Adding Structured Data

Why Structured Data Matters

Document chunks are a good starting point, but chunk-based retrieval has limits. Vector search works well for explanatory content: policies, manuals, or any other long-form documents where the answer is somewhere in the text and needs to be found by meaning. But it is not reliable when the answer needs to be exact.

If you need precise, deterministic answers, your data must be structured.

Take for example questions like:

  • “Which products cost less than 500?”
  • “What time does the Moscow branch close on Sunday?”
  • “Which contracts expire this month?”

These questions cannot be answered reliably by finding similar text.

They require structured data – typed attributes that can be filtered, compared, and traversed deterministically. If your users will ask questions that depend on specific values, dates, numbers, or relationships, that data needs to be modeled as anchors and attributes, not left inside document chunks.

Benefits of Structured Data

With structured modeling, Vedana can:

  • Use Cypher for exact filtering.
  • Perform multi-hop traversal.
  • Combine numeric comparisons.
  • Guarantee attribute correctness.

This is not possible with pure vector search.

When You Should Add Structured Data

You should structure data when working with:

  • Products and product properties
  • Price lists
  • Opening hours
  • Branch addresses and locations
  • Contracts and effective dates
  • Regulatory mappings
  • Inventory data
  • Service catalogs

A useful test: if a user might ask a question where the correct answer is a specific value (a number, a date, a name, a yes or no) that data should be structured. Any domain where attributes matter should be structured.

How to Add Datta to Grist

Option 1 – Upload Existing Tables

Structured data often already exists in Excel files, CSV exports, ERP exports, or internal reporting tables. These can be uploaded into Grist directly. Before uploading, make sure your tables are clean:

  • No merged cells
  • No multi-row headers
  • No mixed data types within a single column
  • No visual formatting used in place of real structure (e.g. color-coded rows, manually merged fields)

Grist expects genuine tabular structure where each row represents one entity. Messy formatting leads to broken ingestion and unreliable data in the graph.

Once uploaded, you need to map the table to the data model. For each table, decide what the anchor type is, which columns become attributes, and whether any columns represent relationships to other anchors that should become links.

When uploading structured tables, you must ask:

  • What is an anchor type?
  • What is an attribute?
  • What is a link?

For example, a products table with columns product_id, name, price, and category maps to:

Anchor: Product Attributes: name (string), price (float) Link: Product → belongs_to → Category

Update the data model in Grist to reflect this before running ETL.
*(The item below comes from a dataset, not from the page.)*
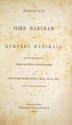 Darlington, William. Memorials of John Bartram and Humphrey Marshall with Notices of Their Botanical Contemporaries. Philadelphia: Lindsay and Blakiston, 1849. 1st ed. Thick 8vo, modern black buckram. Frontis., facs., text illus. Scattered light foxing, light to moderate foxing to title page. With 3 pp. autograph letter signed by Anna Maria Collinson (great grand daughter of Peter Collinson, one of Bartram's botanical correspondents), to the author, 14 May 1850, giving family history, tipped in.

Option 2 – Extract Structure from Text

Sometimes structured data is embedded inside unstructured documents: price tables in a PDF, contract terms in a policy file, address lists in a handbook. In these cases the data exists, but it is not yet in a form Vedana can query directly. The correct approach is:

  • Extract the text from the source document.
  • Identify the structured elements (tables, lists, repeated patterns).
  • Convert them into a clean tabular format.
  • Upload into Grist.
  • Update the data model accordingly.

This hybrid approach significantly improves answer accuracy for data that would otherwise only be retrievable through approximate text matching.

Combining Both Approaches

The most effective strategy for most domains is to use both document chunks and structured anchors together, each for what it does best.
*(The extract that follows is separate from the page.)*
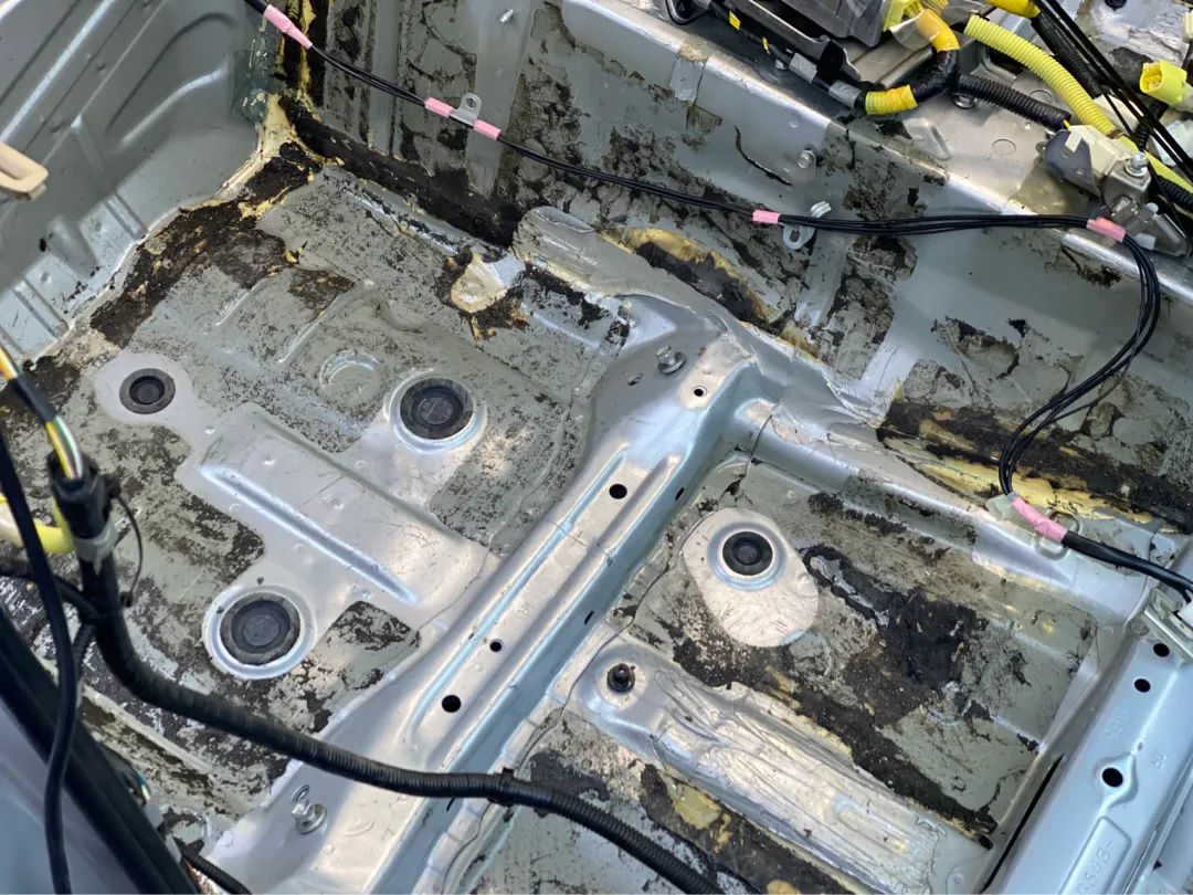 效果很棒,师傅已经开始铺设底盘隔音了。

Keep explanatory content as document chunks. Extract measurable, queryable attributes into structured anchors. The two approaches are complementary, not mutually exclusive.

Take a contract as an example. Keep the full contract text in document_chunks so the assistant can retrieve and explain its contents. At the same time, extract the key structured fields — contract_id, start_date, end_date, counterparty — and store them as a structured anchor.

For example: Contract document:

  • Keep full contract text in document_chunks so the assistant can retrieve and explain its contents.
  • Extract:
    • contract_id
    • start_date
    • end_date
    • counterparty

Store those as structured anchors.

Now Vedana can answer “When does this contract expire?” deterministically via Cypher, and still retrieve the relevant clause text via vector search when needed.